(Beginning of PROVIDED MATERIAL)
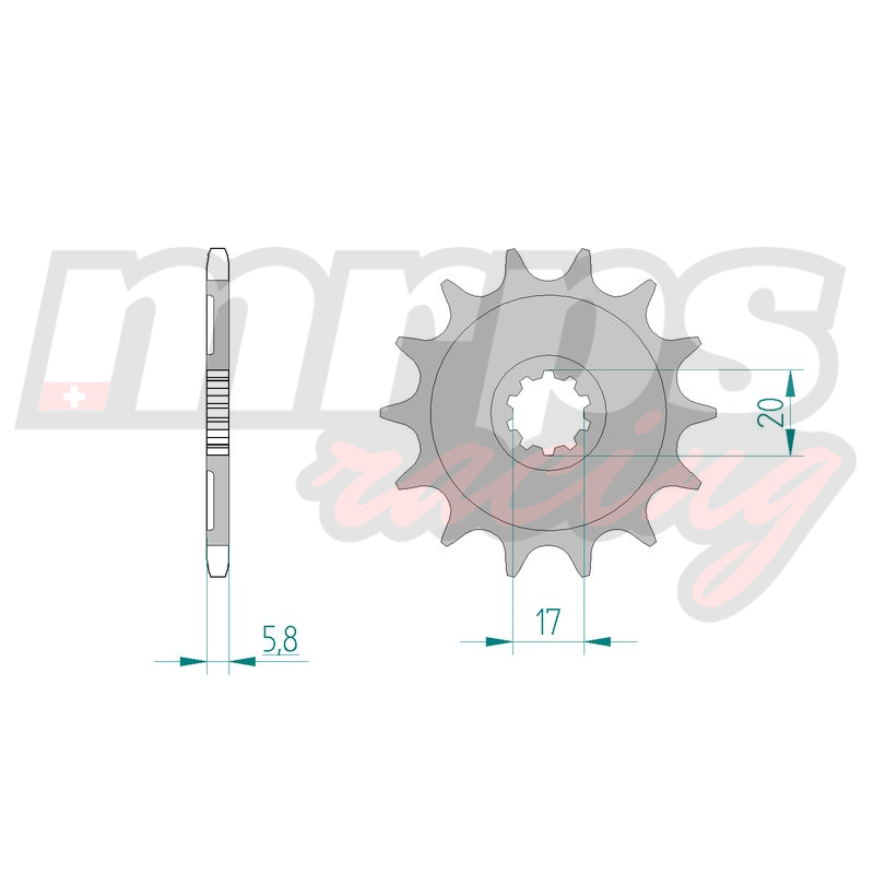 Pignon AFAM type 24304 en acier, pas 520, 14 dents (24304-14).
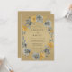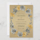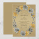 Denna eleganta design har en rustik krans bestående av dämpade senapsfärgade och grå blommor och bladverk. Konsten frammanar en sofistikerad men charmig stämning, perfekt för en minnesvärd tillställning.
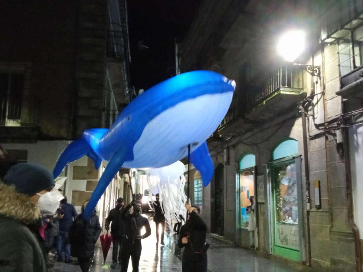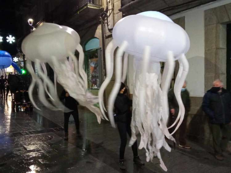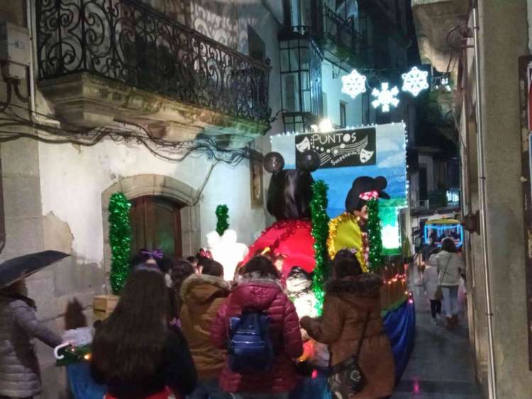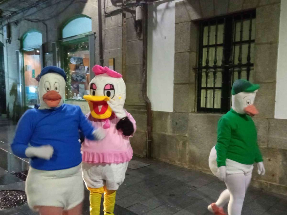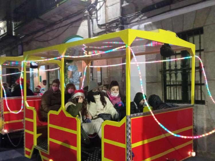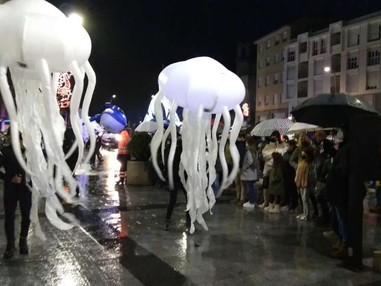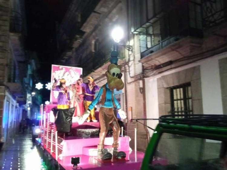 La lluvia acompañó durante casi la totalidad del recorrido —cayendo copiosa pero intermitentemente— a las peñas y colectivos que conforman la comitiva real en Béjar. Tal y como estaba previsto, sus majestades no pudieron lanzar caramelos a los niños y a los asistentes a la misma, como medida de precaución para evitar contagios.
(End of PROVIDED MATERIAL)
PROBLEM DETAILS:
Each line from the one that holds "Denna eleganta design" through the final line of the data must be retyped exactly; the pictures must not appear.

EXERCISE RESPONSE:
 Denna eleganta design har en rustik krans bestående av dämpade senapsfärgade och grå blommor och bladverk. Konsten frammanar en sofistikerad men charmig stämning, perfekt för en minnesvärd tillställning.
 La lluvia acompañó durante casi la totalidad del recorrido —cayendo copiosa pero intermitentemente— a las peñas y colectivos que conforman la comitiva real en Béjar. Tal y como estaba previsto, sus majestades no pudieron lanzar caramelos a los niños y a los asistentes a la misma, como medida de precaución para evitar contagios.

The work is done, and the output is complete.